##### Records shown #####

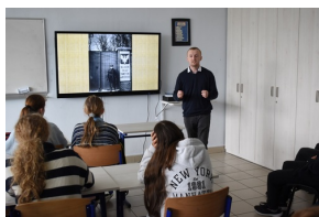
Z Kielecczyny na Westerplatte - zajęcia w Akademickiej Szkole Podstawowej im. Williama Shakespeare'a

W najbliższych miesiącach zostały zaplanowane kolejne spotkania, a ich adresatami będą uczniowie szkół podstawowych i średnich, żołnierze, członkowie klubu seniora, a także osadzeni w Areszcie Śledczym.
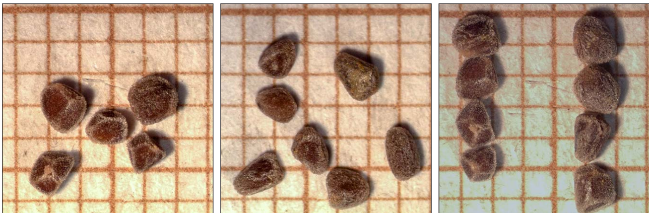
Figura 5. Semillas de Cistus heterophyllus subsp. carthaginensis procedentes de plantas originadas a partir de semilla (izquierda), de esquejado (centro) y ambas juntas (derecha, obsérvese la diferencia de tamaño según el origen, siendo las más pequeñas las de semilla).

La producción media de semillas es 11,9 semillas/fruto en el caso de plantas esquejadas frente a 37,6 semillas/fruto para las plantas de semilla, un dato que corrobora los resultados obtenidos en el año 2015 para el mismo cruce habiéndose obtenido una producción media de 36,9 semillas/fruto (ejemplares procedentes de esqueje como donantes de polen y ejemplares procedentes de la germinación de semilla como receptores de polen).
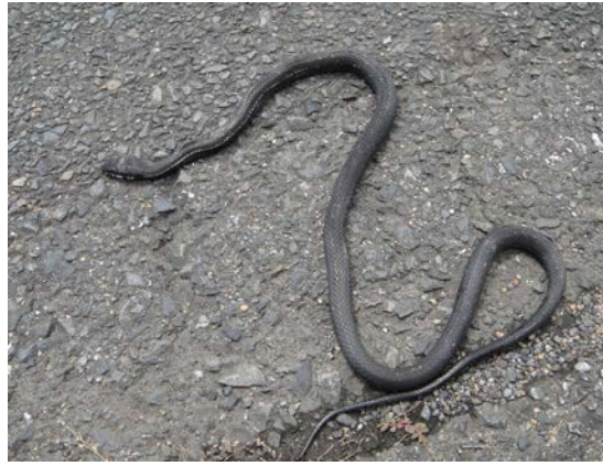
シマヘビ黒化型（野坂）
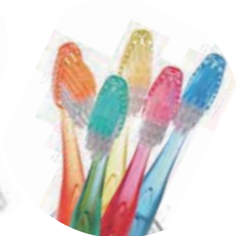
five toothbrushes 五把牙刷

#####

• **Exercise brief**
Start at the top of the entries and repeat each line exactly, ending at the line that contains "W najbliższych miesiącach". Pictures are not part of the copy.

• **Reply to the exercise**
Z Kielecczyny na Westerplatte - zajęcia w Akademickiej Szkole Podstawowej im. Williama Shakespeare'a

W najbliższych miesiącach zostały zaplanowane kolejne spotkania, a ich adresatami będą uczniowie szkół podstawowych i średnich, żołnierze, członkowie klubu seniora, a także osadzeni w Areszcie Śledczym.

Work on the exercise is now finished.